— What you are asked to do —
Could you repeat, exactly and with no pictures, only the lines from the start of the records through the line containing "EKSA USB Gaming"?

— Provided records —
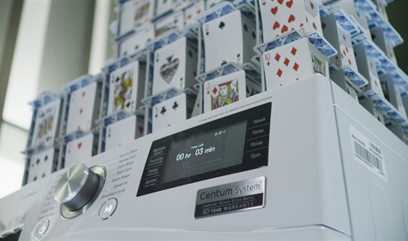 بالفيديو.. منزل من أوارق «الكوتشينه» يدخل موسوعة جينيس بعد صموده فوق غسالة في حالة دوران
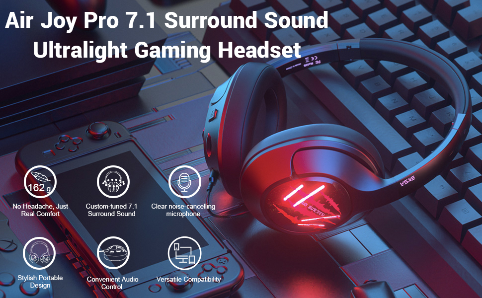 EKSA USB Gaming Headset, 160g Wired Headphones with Microphone for PC PS4 PS5 Xbox One Laptop, 7.1 Surround Sound, Noise Cancelling Mic, LED Light, Audio 3.5mm Jack
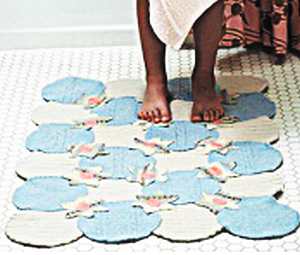 Вместо резинок для консервирования можно также использовать кусочки компьютерного коврика для мыши или резиновые наклейки. Кстати, такие наклейки даже не придется пришивать, если они прочно прилипнут к изнанке ковра. Еще, чтобы ковер не скользил по полу, его можно закрепить с помощью застежек на липучках или двустороннего скотча. Учтите только, что липучки и скотч могут повредить поверхность напольного покрытия. Поэтому их лучше использовать только в том случае, если ковер всегда будет лежать на одном и том же месте.
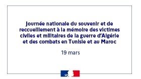 Jeudi 19 mars 2026, la commémoration du 19 mars 1962 se déroulera à 11h30 au monument aux morts.
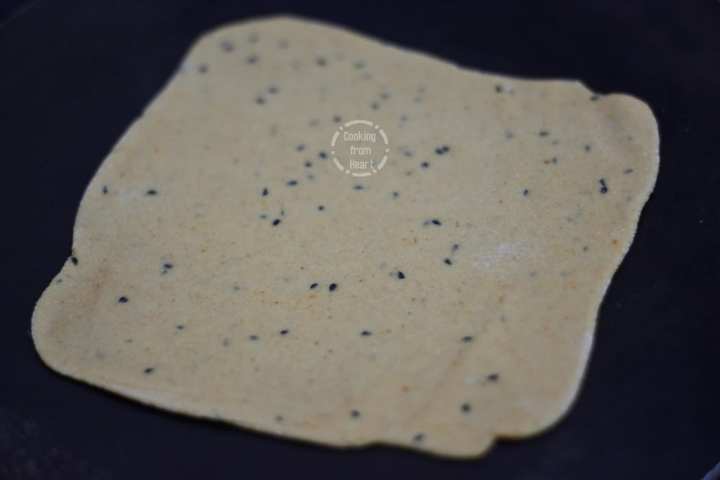 12. Heat a tawa/flat pan. Gently put the rolled out Masala Paratha and cook it until tiny bubbles appear on the surface.
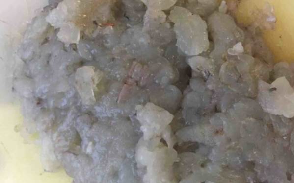第七步:用丸子制作器放好虾泥,等待锅里水烧开后关火以防丸子放锅里散开。
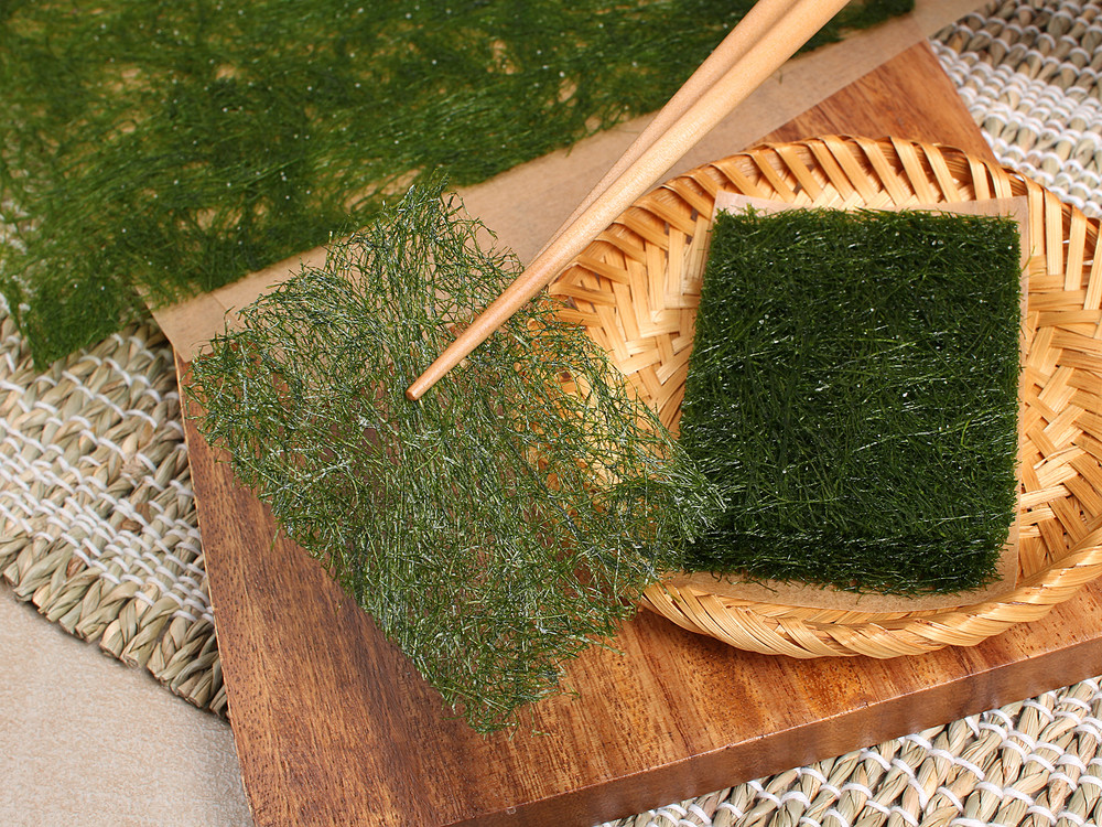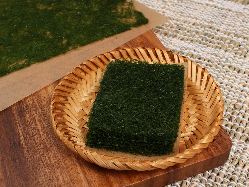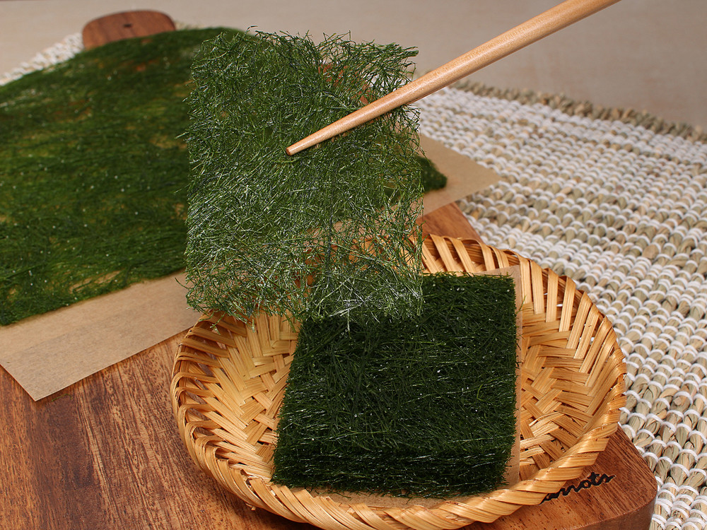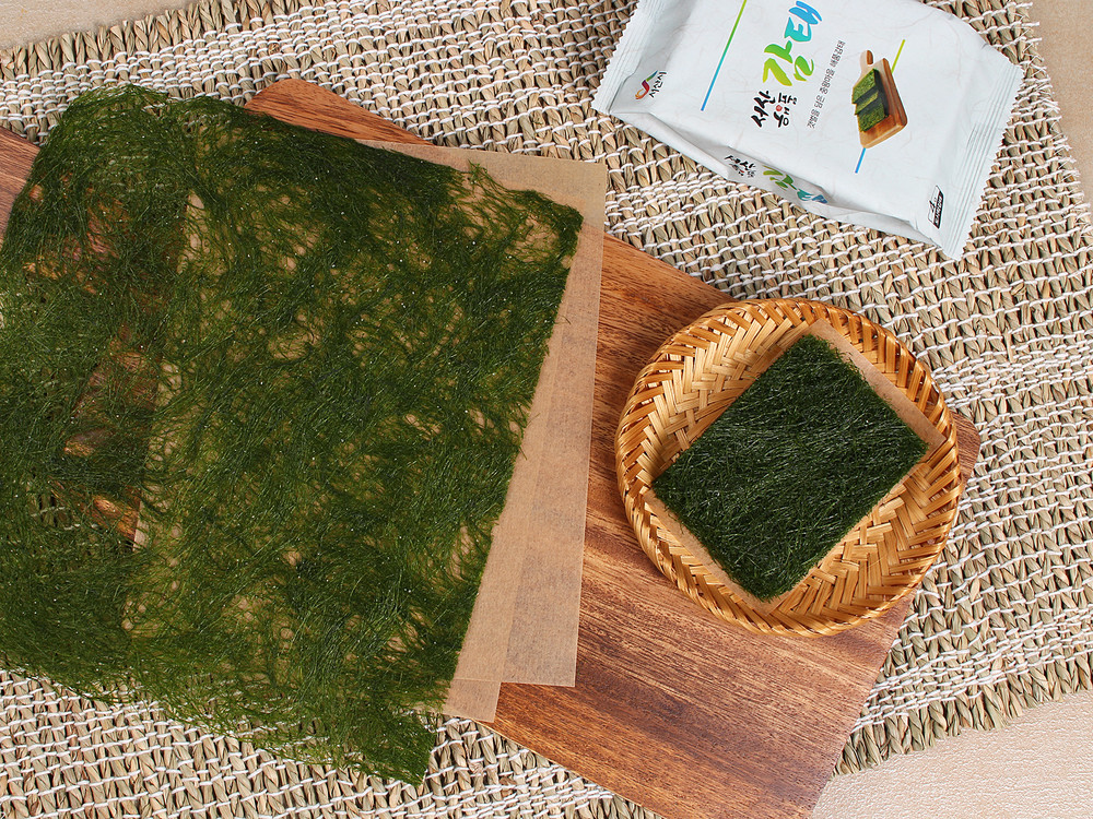· 실처럼 가늘고 밝은 초록빛의 감태에 참기름과 소금으로 최소한의 조미만 하여 구웠다.
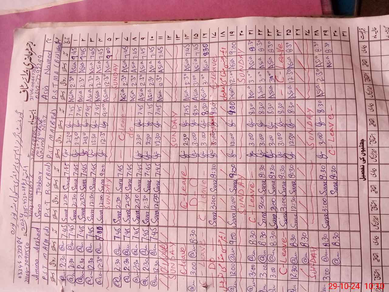 | Leave | Duty | Absent | Maternity | Medical | Ex- Pak |
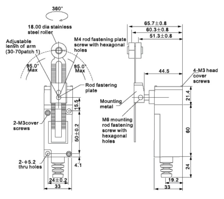 Концевой выключатель HL-5030 регулируемый роликовый рычаг
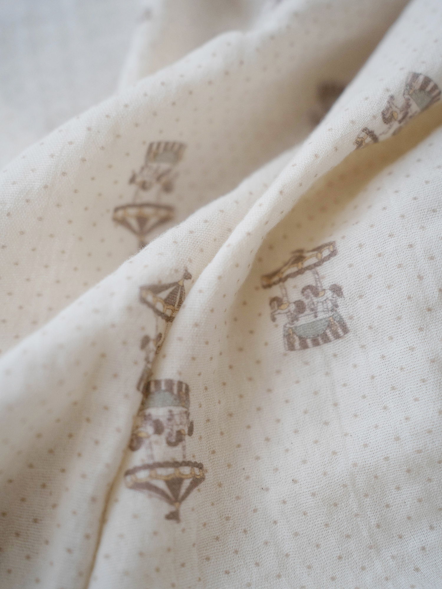 結合了沉穩的圓點圖和旋轉木馬音樂盒的印花
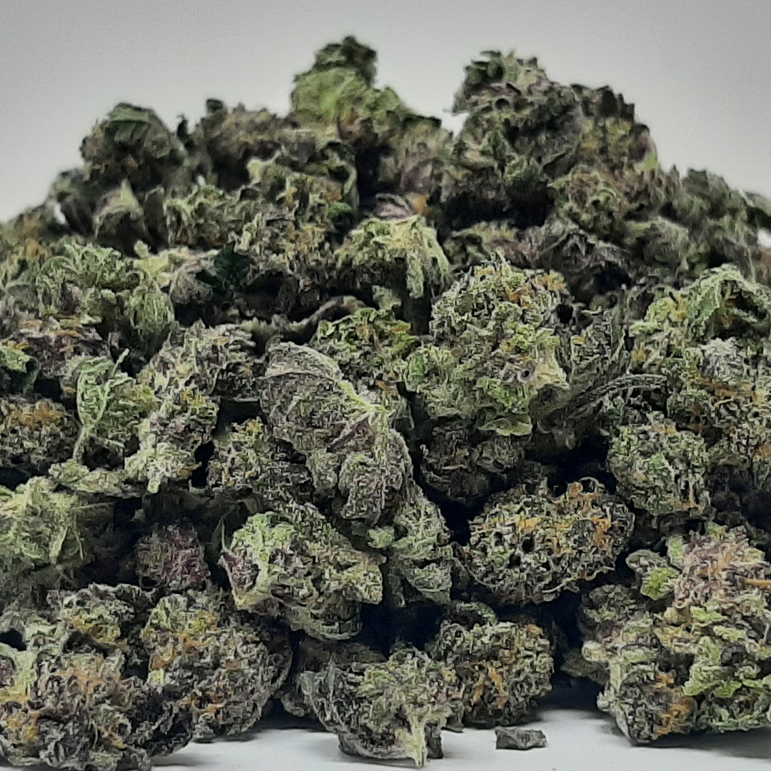 Watermelon Zkittlez is an indica dominant hybrid strain (70% indica/30% sativa) created through crossing the delicious Zkittlez X Watermelon strains. If you’re after a bud that actually tastes like its name sounds, look no further. Watermelon Zkittlez packs a mouthwatering sweet citrus and watermelon flavor into each and every earthy toke. The aroma is of earthy herbs and rich fruity citrus with a heavily sour overtone that turns slightly pungent the more the nugs are burned. The Watermelon Zkittlez isn’t quite as bright as the flavor, with effects that are best-suited for a lazy night at home rather than one spent off the couch. The high starts with a rush of cerebral effects that smash into your head with giddy and unfocused euphoria. As your mind soars higher and higher, your body will begin to settle into a deeply relaxing state, keeping you anchored as the head rush continues to rampage. Thanks to these cerebral effects and its high 25% + average THC level, Watermelon Zkittlez is said to be perfect for treating conditions such as mood swings, chronic stress or anxiety, neuropathy and chronic pain. Watermelon Zkittlez buds have heart-shaped dark olive green nugs with rich purple undertones, sparse orange hairs and a coating of tiny purple-tinted white crystal trichomes.
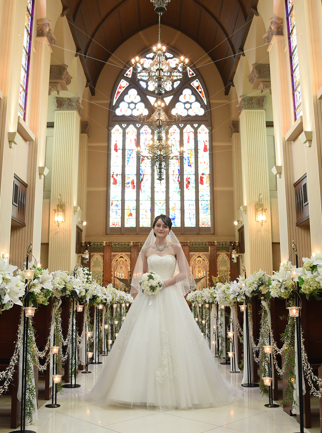 色鮮やかなステンドグラスから、柔らかな光が差し込み、ウエディングドレス姿の花嫁は神秘的な美しさを放ちます。
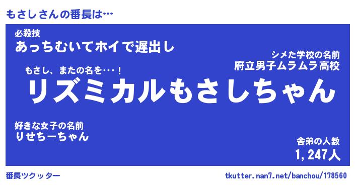 | ヒーロー風カッコイイあだ名 | 『スーパーモサシ』『ウルトラもさしマン』 |
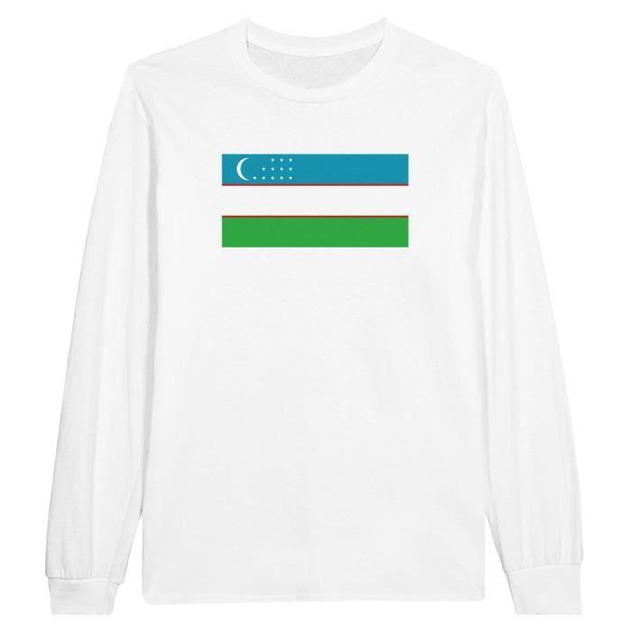 T-shirt à manches longues - Drapeau de l'Ouzbékistan - Blanc - 100% coton - Coupe régulière - Manches longues
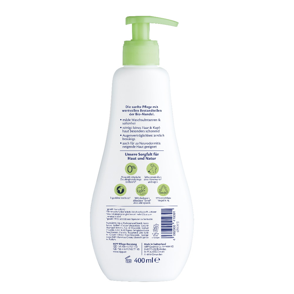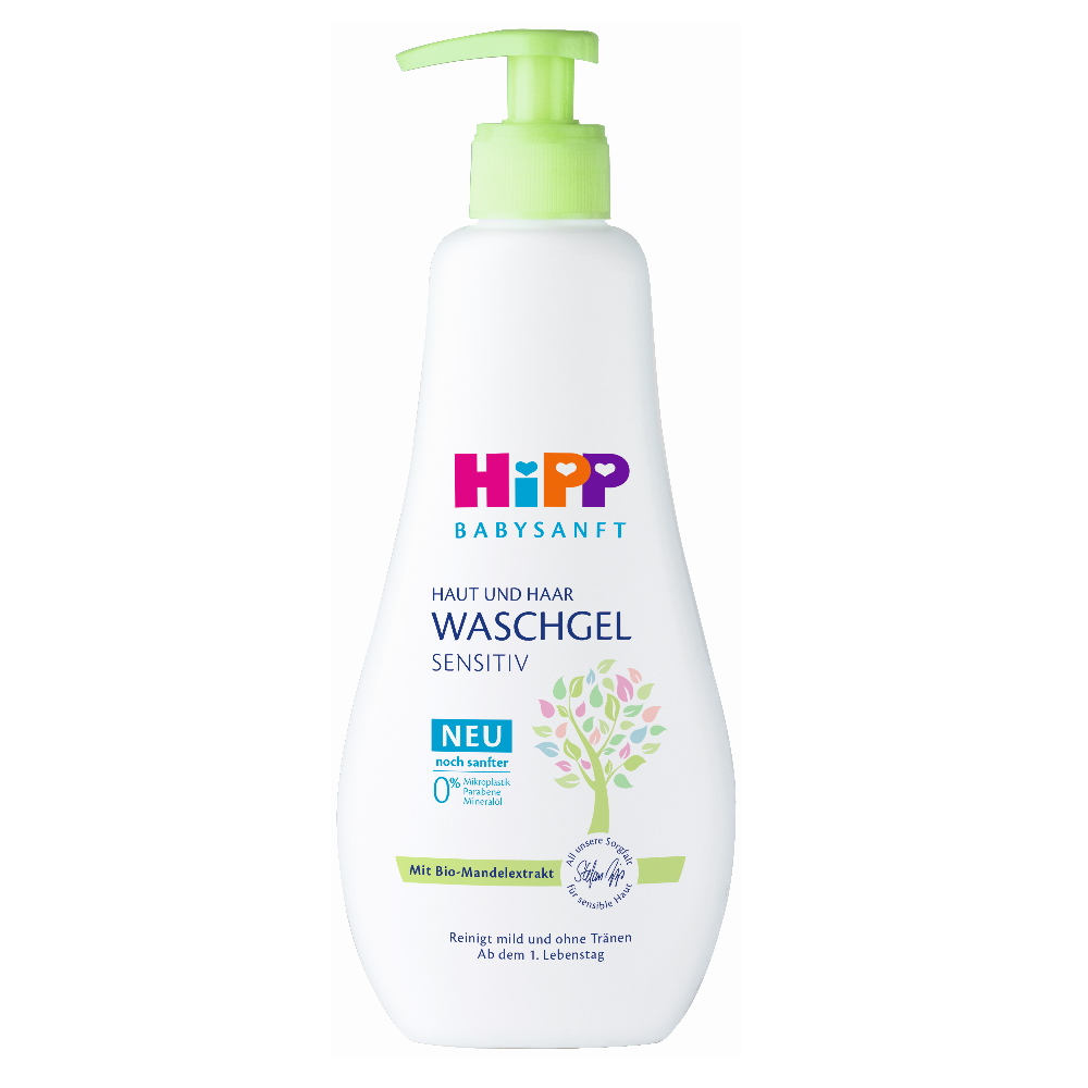 Das Hipp Babysanft Waschgel Haut & Haar pflegt Babyhaut sowie sensible Erwachsenenhaut und dient zur sanften Reinigung von feinem Haar. Um Allergie-Risiken zu minimieren enthält das Produkt kein Mineralöle, Konservierungsstoffe und Parabene und ist schon ab dem 1. Lebenstag anwendbar. Der enthaltene Bio-Mandelextrakt versorgt die Haut mit Nährstoffen und unterstützt ihren natürlichen Säureschutzmantel
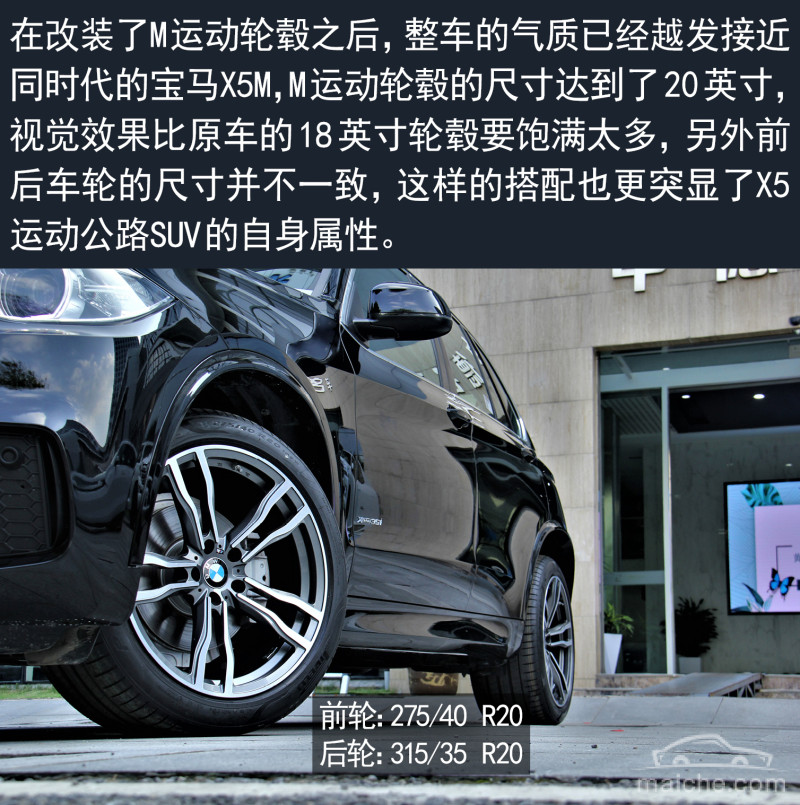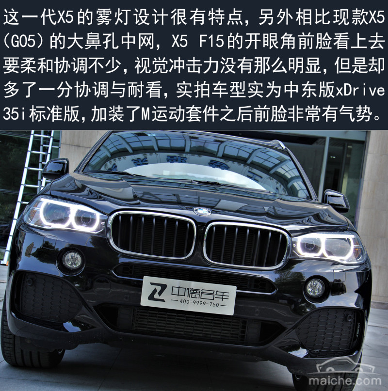 我们拿到的这辆X5 F15车型其实原本是中东版的xDrive 35i车型,但是中德名车为它加装了一整套的M运动套件,因此整辆车的气质有了一个非常显著的提升,如果不是车身侧面的xDrive 35i车标,第一眼看过去还真的很容易和宝马X5M搞混淆。

— Expected output —
 بالفيديو.. منزل من أوارق «الكوتشينه» يدخل موسوعة جينيس بعد صموده فوق غسالة في حالة دوران
 EKSA USB Gaming Headset, 160g Wired Headphones with Microphone for PC PS4 PS5 Xbox One Laptop, 7.1 Surround Sound, Noise Cancelling Mic, LED Light, Audio 3.5mm Jack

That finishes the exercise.